## To do:
Without the images, write out the entries word for word.

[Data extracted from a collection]
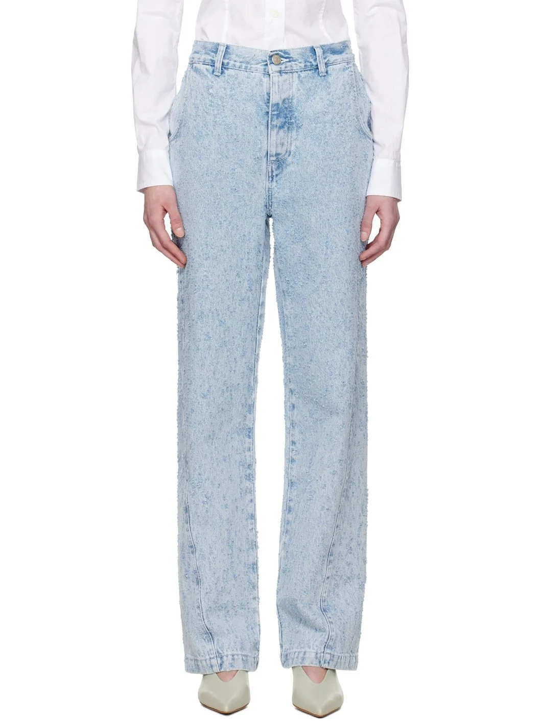 Non-stretch organic cotton denim jeans. Pilling and fading throughout. · Relaxed-fit and straight-leg · Mid-rise · Belt loops · Four-pocket styling · Button fly · Twisted side seams · Logo-engraved silver-tone hardware Supplier color: Light blue punch out 100% organic cotton. Made in Portugal 251505F069001
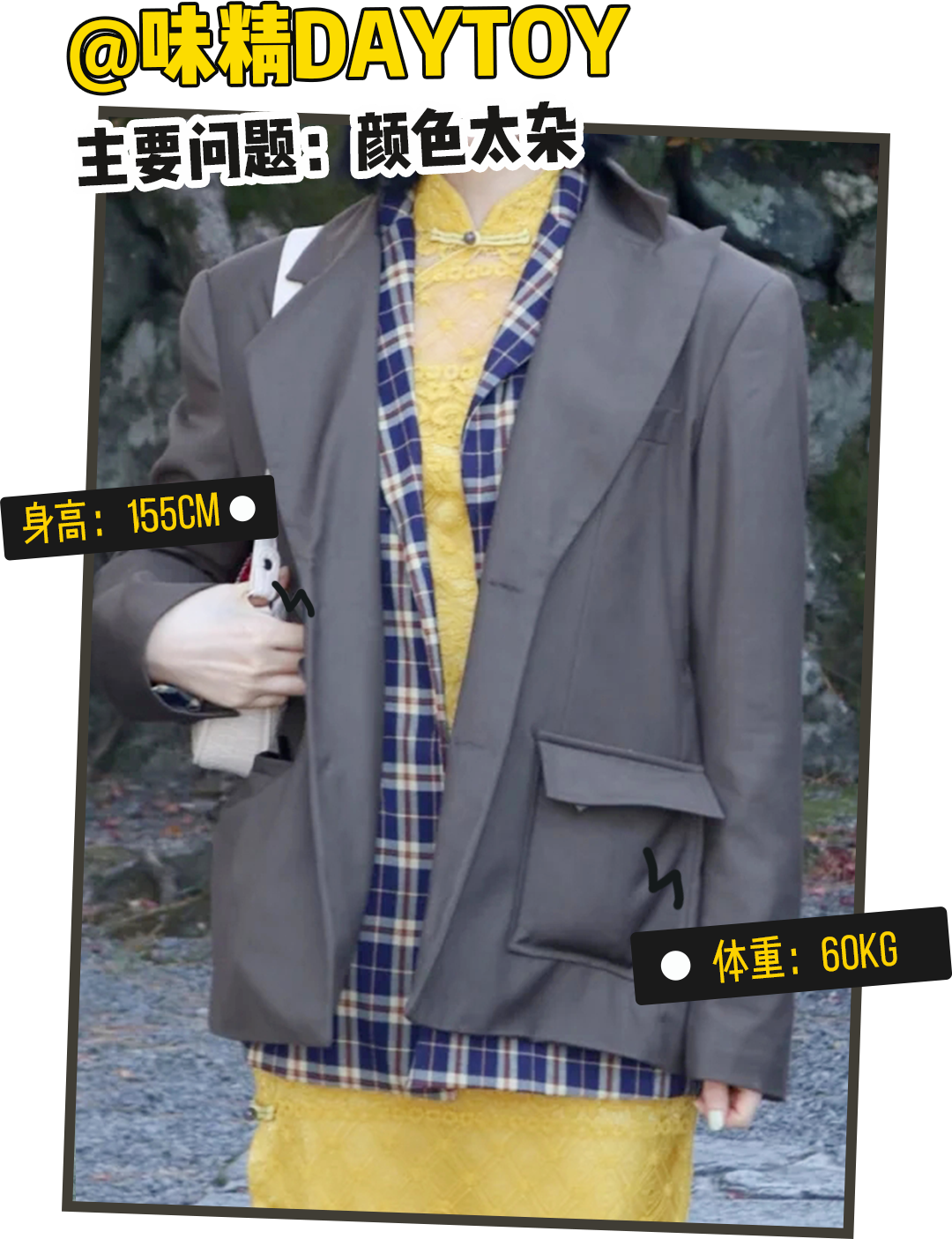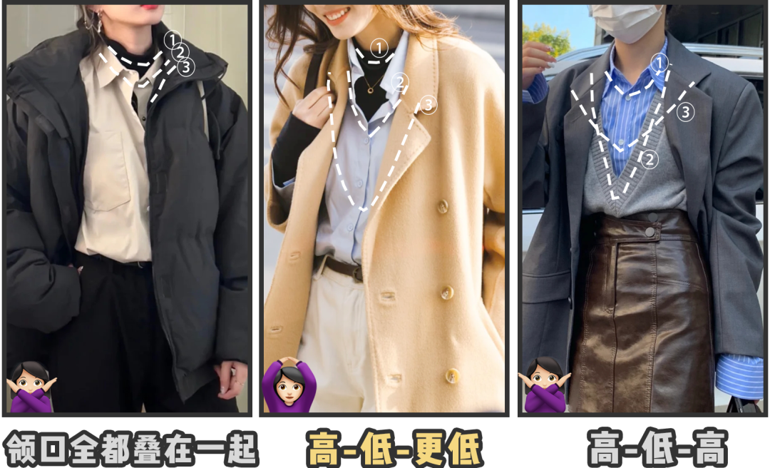 我们能看到这位姐妹叠穿顺序和厚薄都没有错,好像没什么毛病,其实问题就出在领子上!👇
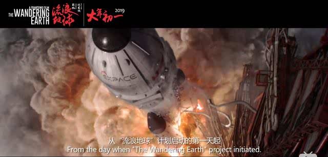 图注:《流浪地球》片中出现了类似“长征”5号的运载火箭(图源:《流浪地球》预告片截图)
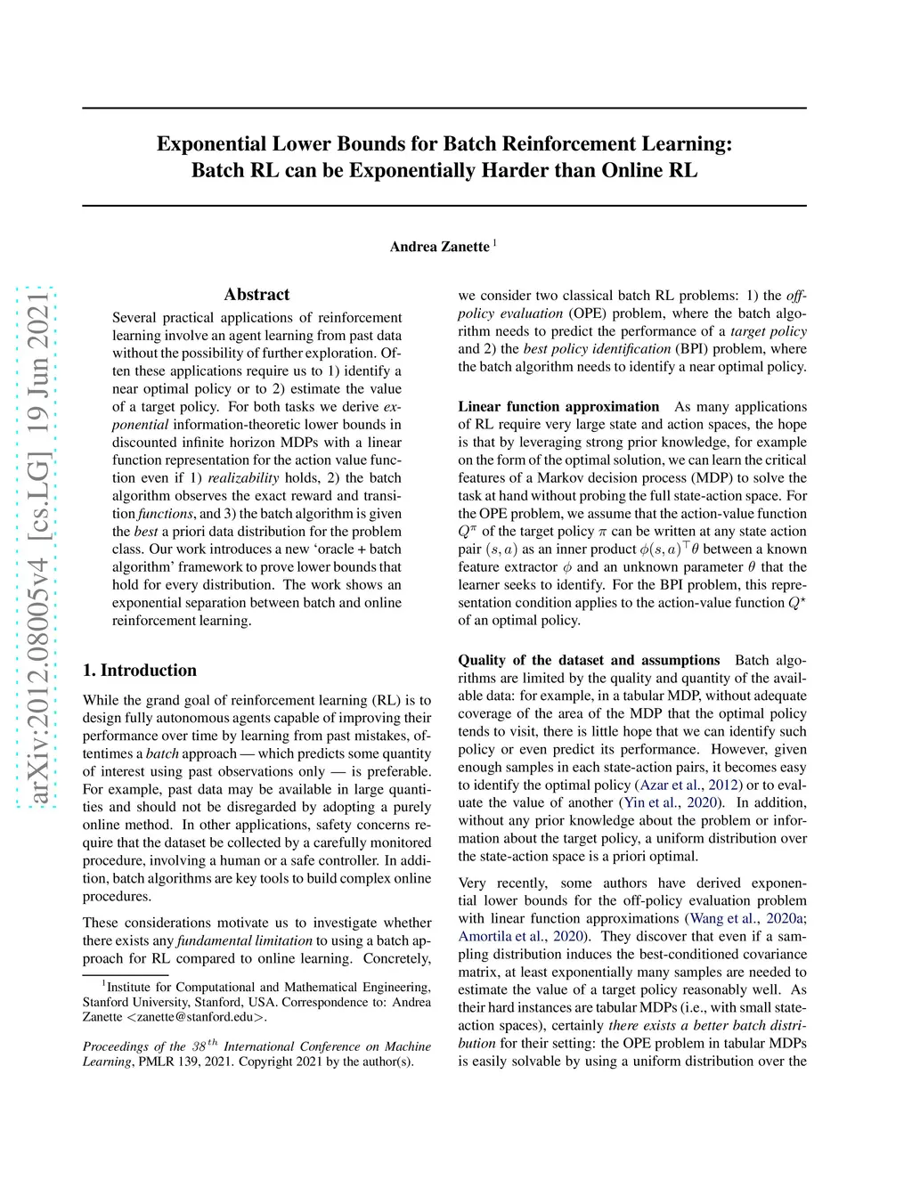 Several practical applications of reinforcement learning involve an agent learning from past data without the possibility of further exploration. Often these applications require us to 1) identify a near optimal policy or to 2) estimate the value of a target policy. For both tasks we derive \emph{exponential} information-theoretic lower bounds in discounted infinite horizon MDPs with a linear function representation for the action value function even if 1) \emph{realizability} holds, 2) the batch algorithm observes the exact reward and transition \emph{functions}, and 3) the batch algorithm is given the \emph{best} a priori data distribution for the problem class. Our work introduces a new `oracle + batch algorithm' framework to prove lower bounds that hold for every distribution. The work shows an exponential separation between batch and online reinforcement learning.
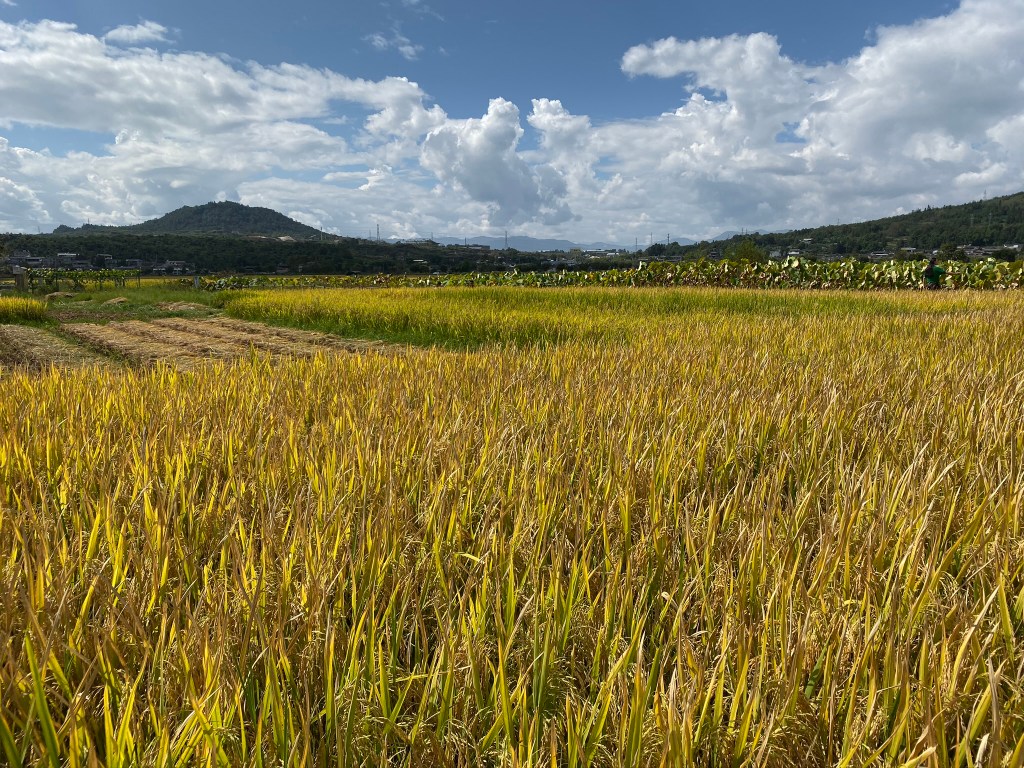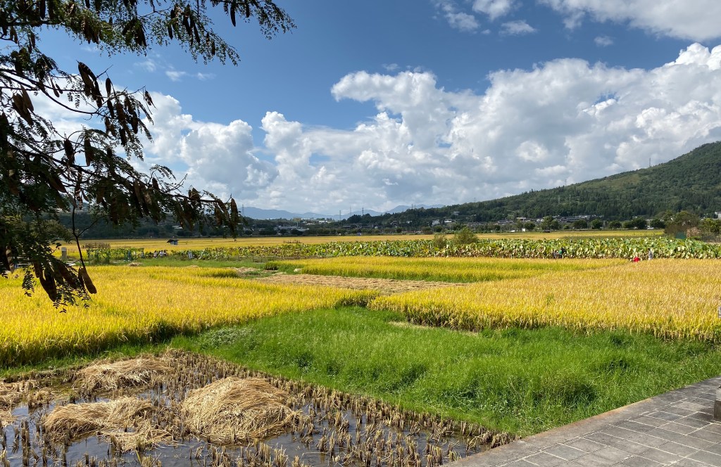 I missed a sensational photo op, thanks to Fear of Falling Into the Muck. The extremely narrow path, which was made of bumpy chunks of grassy earth and lined by nothing more than flimsy rice stalks, could offer no guarantee of safe passage. For me, at 53 years of age with osteoporosis, a bad knee, and an extreme dislike of being wet and/or muddy, traversing this path was a definite no. (Did I mention, extremely narrow? And uneven/unsure footing, with nothing solid to hold onto to prevent a fall?) But plenty of others—including my family—braved the trails and filled their cameras with rice field photo bounty.
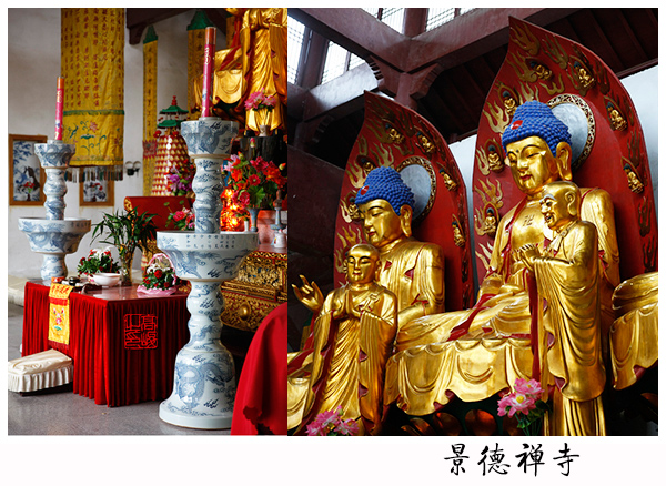 据清道光十二年《浮梁县志》记载,工农街原来还有过一所寺庙,名叫景德禅寺。它始建于宋真宗景德年间,原寺位于景德镇市小港嘴工农街(今陶销仓库),距今约1000 多年历史,由当时的僧人秀松禅师开创,规模宏大,兴盛一时。后元代时毁于大火,明朝洪武二年(1369 年)复建。清雍正十三年(1735 年),由本镇刘希圣善信得以鼎立护持。时至新中国成立时仅存一座天王殿,其余殿堂只存遗迹。后来在政府的重视下,决定修复千年古寺,为景德镇寻回一所历史古迹,成为江南旅游重镇的一处重要景观。但原景德禅寺早已改作陶瓷销售公司仓库,同时有大量居民居住,为保护和延续历史文化遗迹,经市宗教管理部门同意将原寺迁移至河西凤凰山三路19 号景山寺。不过现在居住在此的大多数人,对这座寺庙的历史却不太清楚。
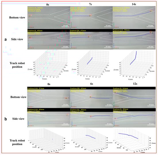 During the experiment, challenges arose in the detection and tracking of microrobots due to interference from lighting and the electromagnetic driving system in the captured images, especially with one camera positioned at the bottom of the experimental track (Figure 2b). To address this issue, a 3D-printed white background model with dimensions of 200 mm × 200 mm was created and placed on top of the experimental track to reduce interference and enhance detection accuracy. When designing the 3D tracking experiments, the initially customized 3D vascular model served as a navigation track and was positioned inside the model. Due to limitations in the light-curing printing equipment, the prepared inner surface of the track could not achieve absolute smoothness and polishing, resulting in a relatively poor imaging effect for microrobots. Consequently, we redesigned the 3D vascular model, placing the track inside a transparent groove with dimensions of 150 mm × 75 mm × 53 mm to address the issue of uneven surfaces within the track. When injecting DI water into the groove, the rapid injection speed led to the swift filling of the track, preventing residual air from escaping, and resulting in the formation of bubbles. Even bubbles with a diameter of 1 mm could interfere with the detection of microrobots when observed by the camera. To address these issues, the solution involved controlled DI water injection using a modified syringe and allowing the experimental track filled with DI water to stand for 30 min. This approach maximized the removal of air bubbles within the track, minimizing their impact on the imaging of the microrobots. Initially, our experimental design involved placing two cameras parallel to each other at the bottom of the track. However, due to the imaging range of the cameras being limited to 200 mm × 200 mm, the captured images displayed an incomplete view of the track. As a solution, adjustments were made to the camera’s focal length and the distance between the camera and the track. During the adjustment, it was discovered that to capture the complete track information on the imaging plane, the track needed to be elevated. However, the movement space of the entire electromagnetic driving system was limited. Elevating the track would compress the movement space of the electromagnetic coils, preventing its movement. To address this issue, the experiment was optimized by placing one camera on the side of the track and another at the bottom (Figure 2b). This solution resolved the issue of an incomplete track display in the captured images. During the detection and tracking of microrobots, no instances of missed detections or false detection were observed, and the calculated precision of the microrobot’s positions remained satisfactory.
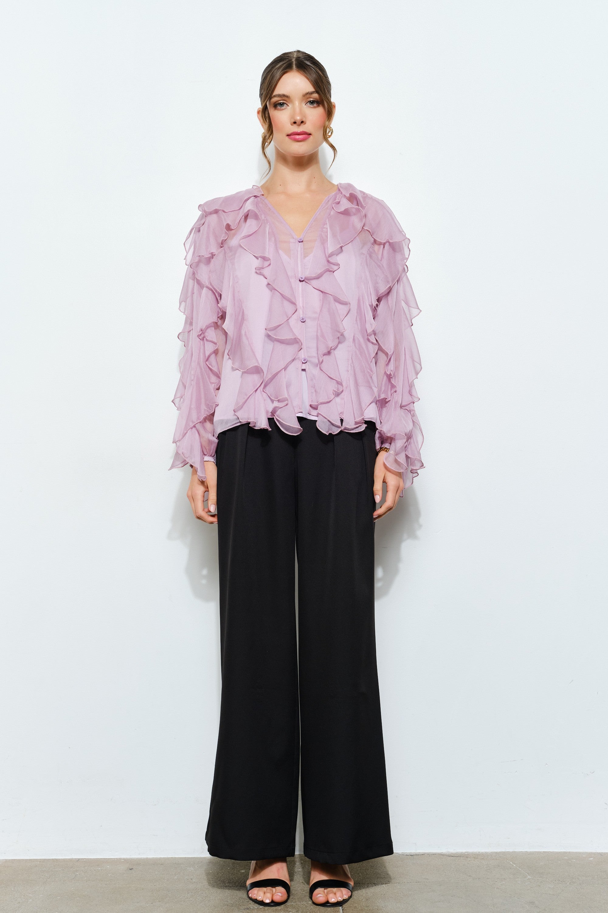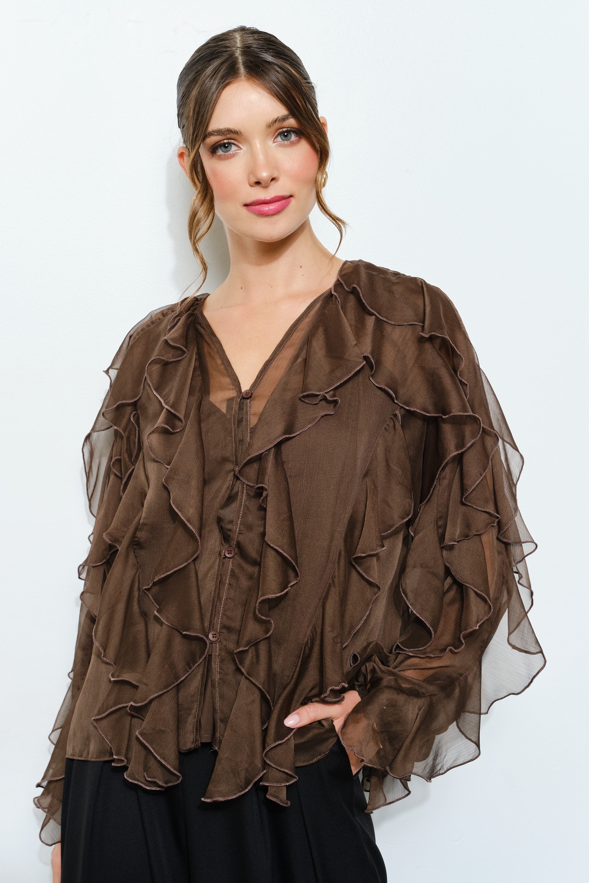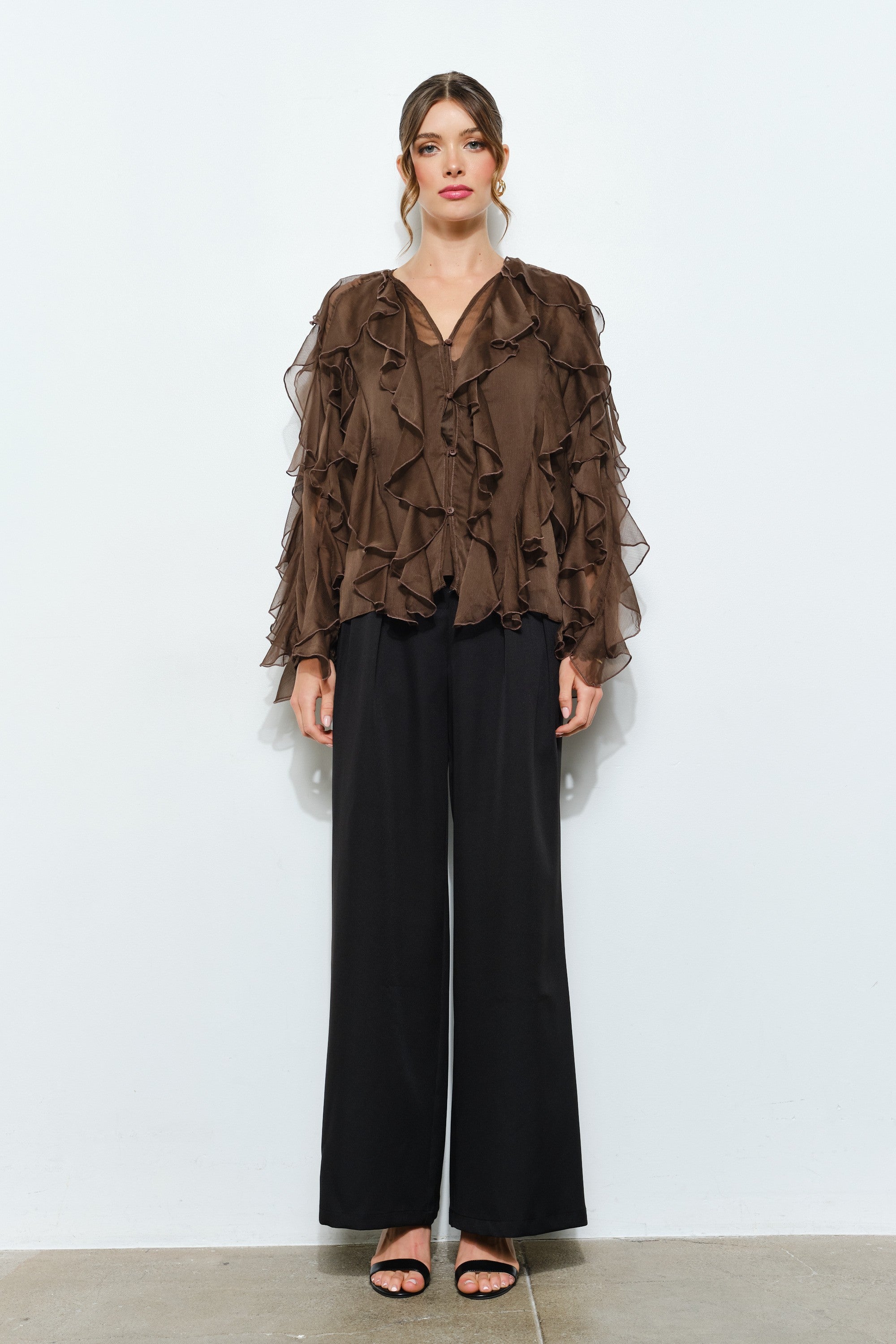 Layered Ruffle Sheer Chiffon Button-Up Blouse

## Solution for this task:
 Non-stretch organic cotton denim jeans. Pilling and fading throughout. · Relaxed-fit and straight-leg · Mid-rise · Belt loops · Four-pocket styling · Button fly · Twisted side seams · Logo-engraved silver-tone hardware Supplier color: Light blue punch out 100% organic cotton. Made in Portugal 251505F069001
 我们能看到这位姐妹叠穿顺序和厚薄都没有错,好像没什么毛病,其实问题就出在领子上!👇
 图注:《流浪地球》片中出现了类似“长征”5号的运载火箭(图源:《流浪地球》预告片截图)
 Several practical applications of reinforcement learning involve an agent learning from past data without the possibility of further exploration. Often these applications require us to 1) identify a near optimal policy or to 2) estimate the value of a target policy. For both tasks we derive \emph{exponential} information-theoretic lower bounds in discounted infinite horizon MDPs with a linear function representation for the action value function even if 1) \emph{realizability} holds, 2) the batch algorithm observes the exact reward and transition \emph{functions}, and 3) the batch algorithm is given the \emph{best} a priori data distribution for the problem class. Our work introduces a new `oracle + batch algorithm' framework to prove lower bounds that hold for every distribution. The work shows an exponential separation between batch and online reinforcement learning.
 I missed a sensational photo op, thanks to Fear of Falling Into the Muck. The extremely narrow path, which was made of bumpy chunks of grassy earth and lined by nothing more than flimsy rice stalks, could offer no guarantee of safe passage. For me, at 53 years of age with osteoporosis, a bad knee, and an extreme dislike of being wet and/or muddy, traversing this path was a definite no. (Did I mention, extremely narrow? And uneven/unsure footing, with nothing solid to hold onto to prevent a fall?) But plenty of others—including my family—braved the trails and filled their cameras with rice field photo bounty.
 据清道光十二年《浮梁县志》记载,工农街原来还有过一所寺庙,名叫景德禅寺。它始建于宋真宗景德年间,原寺位于景德镇市小港嘴工农街(今陶销仓库),距今约1000 多年历史,由当时的僧人秀松禅师开创,规模宏大,兴盛一时。后元代时毁于大火,明朝洪武二年(1369 年)复建。清雍正十三年(1735 年),由本镇刘希圣善信得以鼎立护持。时至新中国成立时仅存一座天王殿,其余殿堂只存遗迹。后来在政府的重视下,决定修复千年古寺,为景德镇寻回一所历史古迹,成为江南旅游重镇的一处重要景观。但原景德禅寺早已改作陶瓷销售公司仓库,同时有大量居民居住,为保护和延续历史文化遗迹,经市宗教管理部门同意将原寺迁移至河西凤凰山三路19 号景山寺。不过现在居住在此的大多数人,对这座寺庙的历史却不太清楚。
 During the experiment, challenges arose in the detection and tracking of microrobots due to interference from lighting and the electromagnetic driving system in the captured images, especially with one camera positioned at the bottom of the experimental track (Figure 2b). To address this issue, a 3D-printed white background model with dimensions of 200 mm × 200 mm was created and placed on top of the experimental track to reduce interference and enhance detection accuracy. When designing the 3D tracking experiments, the initially customized 3D vascular model served as a navigation track and was positioned inside the model. Due to limitations in the light-curing printing equipment, the prepared inner surface of the track could not achieve absolute smoothness and polishing, resulting in a relatively poor imaging effect for microrobots. Consequently, we redesigned the 3D vascular model, placing the track inside a transparent groove with dimensions of 150 mm × 75 mm × 53 mm to address the issue of uneven surfaces within the track. When injecting DI water into the groove, the rapid injection speed led to the swift filling of the track, preventing residual air from escaping, and resulting in the formation of bubbles. Even bubbles with a diameter of 1 mm could interfere with the detection of microrobots when observed by the camera. To address these issues, the solution involved controlled DI water injection using a modified syringe and allowing the experimental track filled with DI water to stand for 30 min. This approach maximized the removal of air bubbles within the track, minimizing their impact on the imaging of the microrobots. Initially, our experimental design involved placing two cameras parallel to each other at the bottom of the track. However, due to the imaging range of the cameras being limited to 200 mm × 200 mm, the captured images displayed an incomplete view of the track. As a solution, adjustments were made to the camera’s focal length and the distance between the camera and the track. During the adjustment, it was discovered that to capture the complete track information on the imaging plane, the track needed to be elevated. However, the movement space of the entire electromagnetic driving system was limited. Elevating the track would compress the movement space of the electromagnetic coils, preventing its movement. To address this issue, the experiment was optimized by placing one camera on the side of the track and another at the bottom (Figure 2b). This solution resolved the issue of an incomplete track display in the captured images. During the detection and tracking of microrobots, no instances of missed detections or false detection were observed, and the calculated precision of the microrobot’s positions remained satisfactory.
 Layered Ruffle Sheer Chiffon Button-Up Blouse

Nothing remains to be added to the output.